Crash Detector#
Overview#
The CrashDetector callback monitors for process crashes during training and logs detailed error information including PID, rank, error messages, and stack traces.
Usage#
Basic usage:
from fkat.pytorch.callbacks.monitoring import CrashDetector
import lightning as L
callback = CrashDetector()
trainer = L.Trainer(callbacks=[callback])
Custom tags:
callback = CrashDetector(
error_tag="training_error",
crash_info_tag="crash_details"
)
Features#
Process monitoring: Monitors main training process for crashes
Detailed crash info: Captures PID, rank, exit code, signal, and timestamp
Exception handling: Logs full stack traces for exceptions
MLflow artifacts: Automatically logs crash info to MLflow artifacts (if MLflow logger is configured)

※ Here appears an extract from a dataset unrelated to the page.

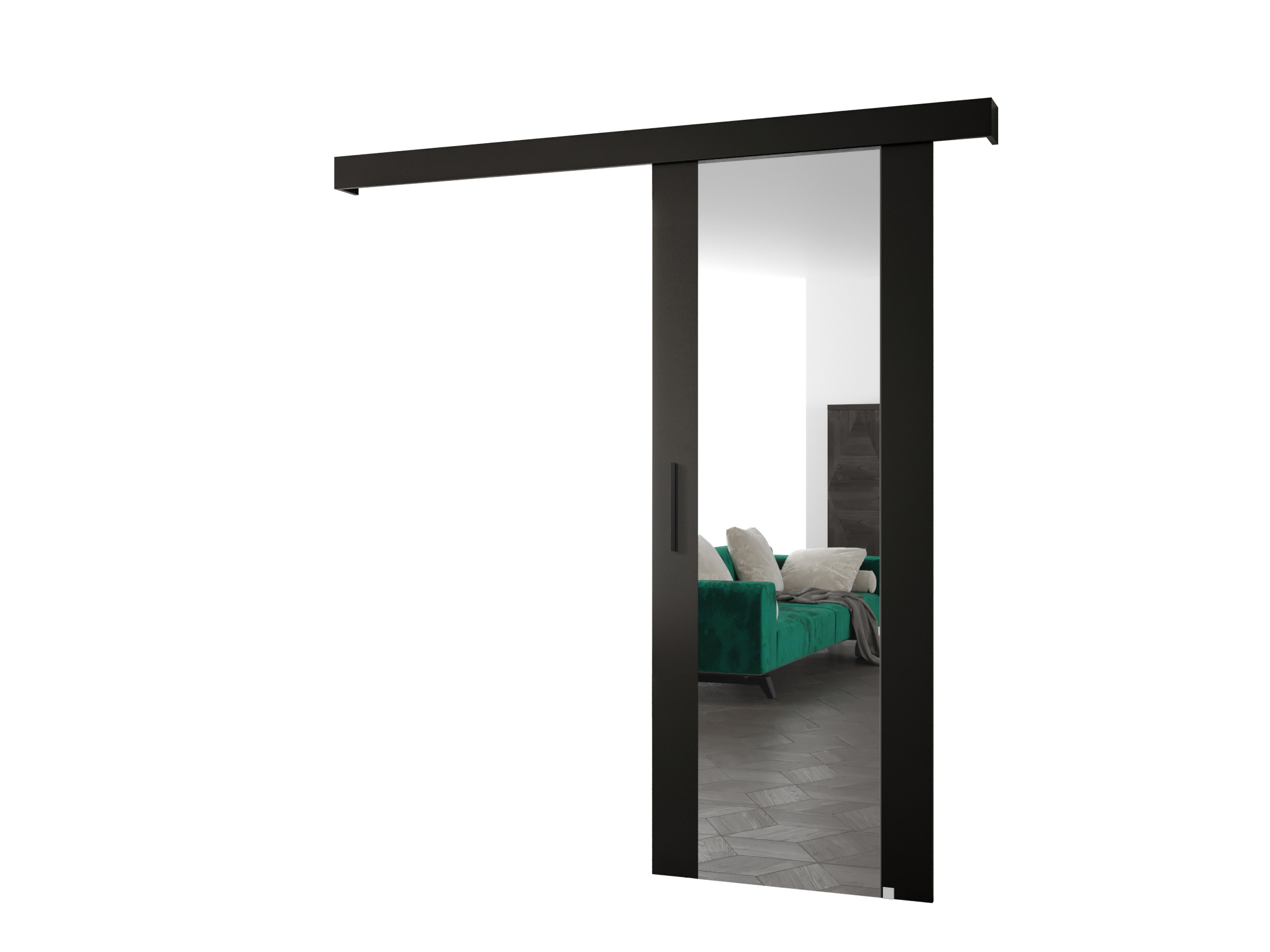 Posuvné dvere 90 cm Sharlene II (čierna matná + čierna matná + čierna) (so zrkadlom)

Rank-aware: Only runs on local rank 0
Queue-based: Uses multiprocessing queue for crash reporting
Crash Information#
When a crash is detected, the following information is logged:
pid: Process ID of the crashed processrank: Global rank of the processexit_code: Exit code of the processsignal: Signal that terminated the process (if any)error: Error message (for exceptions)stacktrace: Full stack trace (for exceptions)timestamp: UTC timestamp of the crash
MLflow Integration#
If an MLflow logger is configured, crash information is automatically logged as an artifact in the crashes/ directory. This allows you to review crash details in the MLflow UI alongside other training metrics and artifacts.